What to Know Before Going into Teaching

Teaching is a time-consuming position, but it is also a noble industry because you are impacting the next generation. There are several things you should think about before you decide to make this your career path.

Becoming Educated

Often, the educational path to becoming a teacher is a grueling one. It will depend on the type of teaching you decide to go into, but while getting your degree, you may need to work in the classroom for a certain number of hours. And your graduate degree can be expensive, so you may want to consider taking out a student loan from a private lender to cover the cost of the degree. With Earnest graduate student loans, they allow you to cover the costs easily.

Committing Time

To be effective in this industry, you should know that the amount of time you devote to work should be spent with the children and not doing something else. Grading and coming up with lesson plans might be done outside of normal work hours. Plus, you will need to come up with some time for professional development in order to grow.

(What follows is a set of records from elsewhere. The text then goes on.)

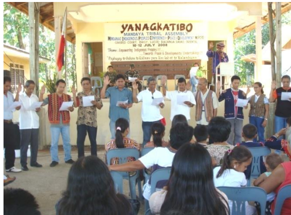
Oath taking ceremony for the local elected officers of MIPCPD
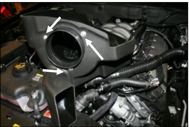
bolts, and flat washers into the Airaid Cool Air Box (CAB) as shown.

equipped vehicles will also use the 3/8" Fitting and 3/8" Grommet. Manual transmission vehicles will not need the 3/8" components and will use the Blind Grommet.
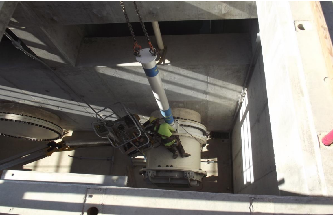
Installing the torque tube at the 84" butterfly valve for pump #3.
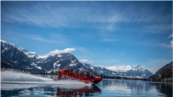
Jetboat Interlaken
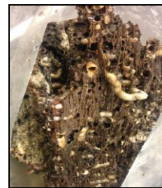
FIG. 4. The bored condition.
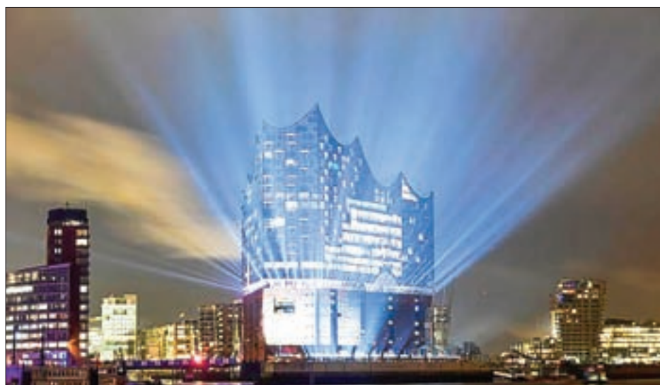
The 'Elbphilharmonie' (Philharmonic Hall), which will open its doors to public on 11 January 2017, is illuminated during a light test in downtown Hamburg, Germany, on 9 January 2017.

port of Hamburg, now a media hub with chic shopping arcades as well as its red light district around the Reeperbahn, hopes the hall will help draw tourists to Germany's second-biggest city.
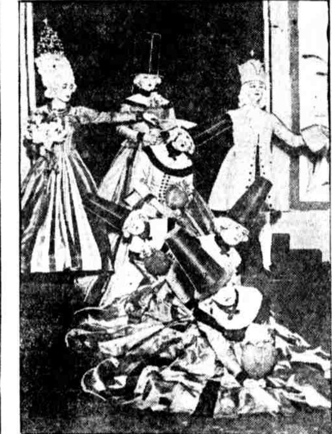
A SWEDISH WEDDING. The cone-hatted and ermine-damself are Scandinavian ballet dancers now appearing in London.
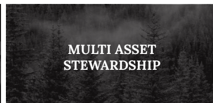
MULTI ASSET STEWARDSHIP

The Lockhart Asset Management range of solutions is designed to utilise the full universe of global investment markets.
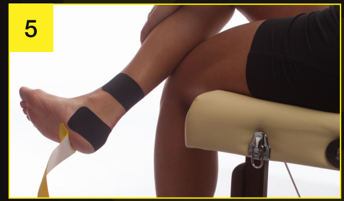
Anchor full-strip on bottom of foot just in front of heel.
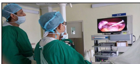
New laparoscopic suite in full use

Chittoor numbers have increased five fold over 18 months, and now cross 10,000 outpatients and 450 inpatient admissions every month.

Understand the Compensation

There are many things you can do with an education degree but if teaching is your passion, you should know what to expect salary-wise. You have likely heard that teachers do not make that much money compared to professionals in other positions. However, districts and states might have different compensation levels, and you have to take the cost of living in that area into account. Plus, you should consider the amount of time you will be working.

You might only start out with $30,000, but the district may give you two months off during the summer and more time off around the winter holidays. Divide the salary among the actual number of hours worked to determine how much you are getting per hour. You could get a temporary job during the times you are off. Or take on a side hustle that allows you to increase or decrease your hours worked as needed.

Meeting Expectations

In this industry, you might be pitied or revered, at the same time. When people hear you are a teacher, they might say they couldn’t do what you do, or they could tell you stories about their own poor teachers. And you may receive others’ condolences when you tell them you are a teacher. At the same time, you might be respected for training up the next generation. Understand that you may get mixed reactions when talking about your profession.

Many people have expectations of what a teacher should do and be like in the community. You might not have realized that you will have various people puling you in differing directions. As a teacher, you will be a coach, nurse, parent, career advisor, friend, and coordinator of activities. Even in one class, there will be students from a range of abilities and skillsets. Your success in the role will depend on how well you are able to customize the curriculum and reach each student on an individual level. It’s challenging, but if you are successful, it will be extremely rewarding.